La tribune de l’Humanité fait croire que toute relation dans le cadre du travail du sexe serait un viol tarifé, et que protéger les travailleuses du sexe par le biais d’un syndicat reviendrait donc à "promouvoir le viol". Et pourtant, comme elles sont nombreuses à l’expliquer, elles savent très bien faire la différence entre un viol et une relation consentie dans le cadre du travail. Les accuser de "promouvoir le viol", c’est nier leur vécu, leur expertise et leur dignité. C’est aussi contribuer à une mauvaise prise en charge des violences effectives.
Ces violences, viols, coups, menaces, rackets, parfois aussi de la part des forces de l’ordre, le Strass les prend au sérieux, nous les prenons au sérieux. Ces violences ne sont pas inhérentes au travail du sexe, mais elles sont favorisées par les stigmates portées contre celles et ceux qui l’exercent, ainsi que par l’exclusion sociale et la répression entretenues par des lois et les institutions.
Il a été confirmé par plusieurs rapports d’évaluation1 de la « loi de pénalisation des clients » de 2016, que ce texte, encore défendu par les signataires dans L’Humanité, malgré les preuves multiples de ses conséquences dramatiques, a augmenté les violences et la vulnérabilité au VIH et autres IST. (...)

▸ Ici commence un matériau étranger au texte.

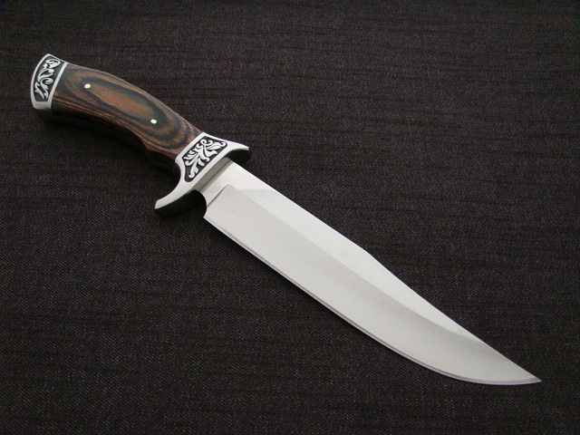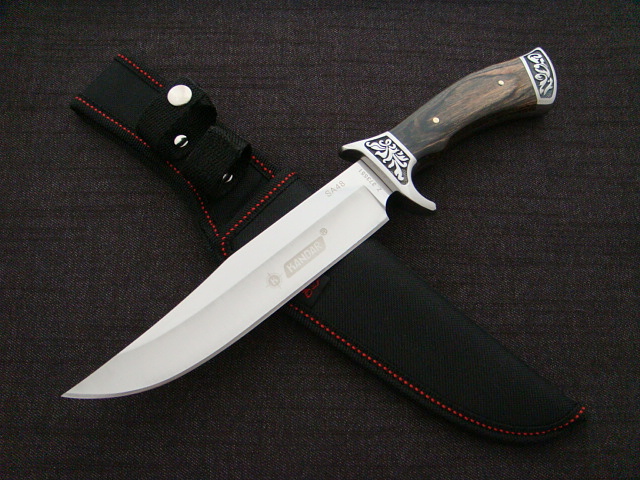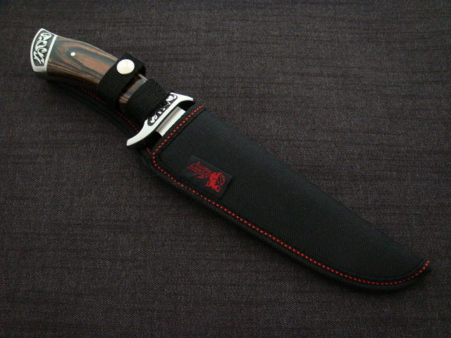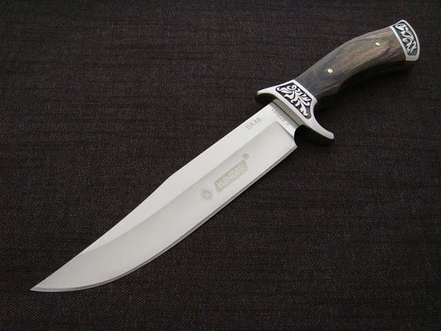 Нож имеет цельнотянутую конструкцию из стали 420. Эргономичная рукоятка из металла и дерева. Он идеально профилирован, что обеспечивает отличное сцепление. В комплект входит чехол с креплением на ремень. Нож новый и острый. Подписано, в зависимости от поставки, надписью Columbia, Kandar или BSH.

On ne peut agir politiquement sur un sujet sans les premières concernées. Vouloir faire taire les voix des travailleuses du sexe et leurs organisations par le mensonge et la diffamation, demander aux médias de ne plus recueillir leur parole, militer pour un traitement journalistique unilatéral de la prostitution sont non seulement des revendications ou méthodes illégitimes en démocratie, mais dangereuses pour les combats d’émancipation, de protection sociale, de luttes contre les violences et pour la santé de personnes exclues et précarisées, que l’ État français menace, lorsqu’elles sont sans-papier, d’expulsion du territoire au lieu de les protéger. Les signataires de ce texte publié dans l’Humanité le savent. (...)

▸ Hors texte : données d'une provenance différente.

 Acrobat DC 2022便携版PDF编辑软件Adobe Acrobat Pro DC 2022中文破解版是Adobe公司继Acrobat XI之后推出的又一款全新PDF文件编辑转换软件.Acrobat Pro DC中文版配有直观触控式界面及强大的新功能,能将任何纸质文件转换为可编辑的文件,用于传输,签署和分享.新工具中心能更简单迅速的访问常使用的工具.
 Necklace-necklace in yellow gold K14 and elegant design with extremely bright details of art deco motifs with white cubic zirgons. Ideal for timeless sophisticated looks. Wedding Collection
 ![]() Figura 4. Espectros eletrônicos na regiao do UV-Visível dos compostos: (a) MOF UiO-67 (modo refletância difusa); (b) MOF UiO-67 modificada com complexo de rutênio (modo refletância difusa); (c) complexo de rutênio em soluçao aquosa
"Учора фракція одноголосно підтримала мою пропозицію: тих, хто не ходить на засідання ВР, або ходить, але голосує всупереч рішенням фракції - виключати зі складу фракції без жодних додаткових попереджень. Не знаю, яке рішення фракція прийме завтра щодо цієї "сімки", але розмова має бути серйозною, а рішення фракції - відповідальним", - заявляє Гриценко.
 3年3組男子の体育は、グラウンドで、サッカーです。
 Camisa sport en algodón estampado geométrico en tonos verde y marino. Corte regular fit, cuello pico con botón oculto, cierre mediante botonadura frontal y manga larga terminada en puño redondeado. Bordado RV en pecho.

Lire la tribune parue dans l’Humanité (édition du 28 juillet) :
Prostitution. Sous le Strass, le corporatisme d’un monde libéral et antiféministe
Depuis quelques années, les médias de gauche ouvrent leurs colonnes à une obscure association corporatiste se présentant comme le Syndicat des « travailleuses du sexe » (Strass). Cette association, portée par un projet profondément libéral, vise à soumettre l’ensemble des activités humaines aux logiques du marché capitaliste. Son projet s’oppose à toutes les femmes qui luttent contre les violences qui leur sont faites, au premier rang desquelles se trouvent les violences sexuelles. Les positions du Strass sont en opposition radicale avec les organisations qui défendent le droit des salarié-e-s. La position des syndicats les plus combatifs et de la majorité de la gauche est très claire à l’égard de la prostitution. « Dans la prostitution, la personne est engagée tout entière ; il n’y a plus de séparation entre elle et la fonction qu’elle occupe. Pour nous, la force de travail physique ou intellectuelle est à distinguer de l’intimité. Le sexe doit rester une barrière, il est du domaine de l’inaliénabilité. Tout ne se vend pas. » Voilà en substance la position de la CGT, par exemple, concernant l’activité prostitutionnelle.

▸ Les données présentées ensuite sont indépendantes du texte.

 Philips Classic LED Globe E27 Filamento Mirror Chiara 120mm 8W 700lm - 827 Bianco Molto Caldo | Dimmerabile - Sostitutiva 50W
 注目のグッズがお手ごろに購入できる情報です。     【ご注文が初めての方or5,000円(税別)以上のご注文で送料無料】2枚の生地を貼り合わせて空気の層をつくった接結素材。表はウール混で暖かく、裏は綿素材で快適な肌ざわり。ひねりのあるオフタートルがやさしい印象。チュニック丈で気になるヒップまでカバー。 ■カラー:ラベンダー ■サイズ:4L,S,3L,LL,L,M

Cette position est historiquement celle portée par la gauche française, qui soutiendra dans sa grande majorité la campagne de Josephine Butler, pionnière de la lutte abolitionniste à la fin du XIXe siècle. Le Parti communiste, comme d’autres partis de gauche, a lui aussi affirmé maintes fois son positionnement abolitionniste et s’est prononcé en faveur de la pénalisation des clients. Du côté de Marx, la prostitution est une activité qui n’ouvre pas sur une contradiction porteuse d’émancipation comme c’est le cas pour l’ouvrier, mais une activité seulement destructrice de l’individu.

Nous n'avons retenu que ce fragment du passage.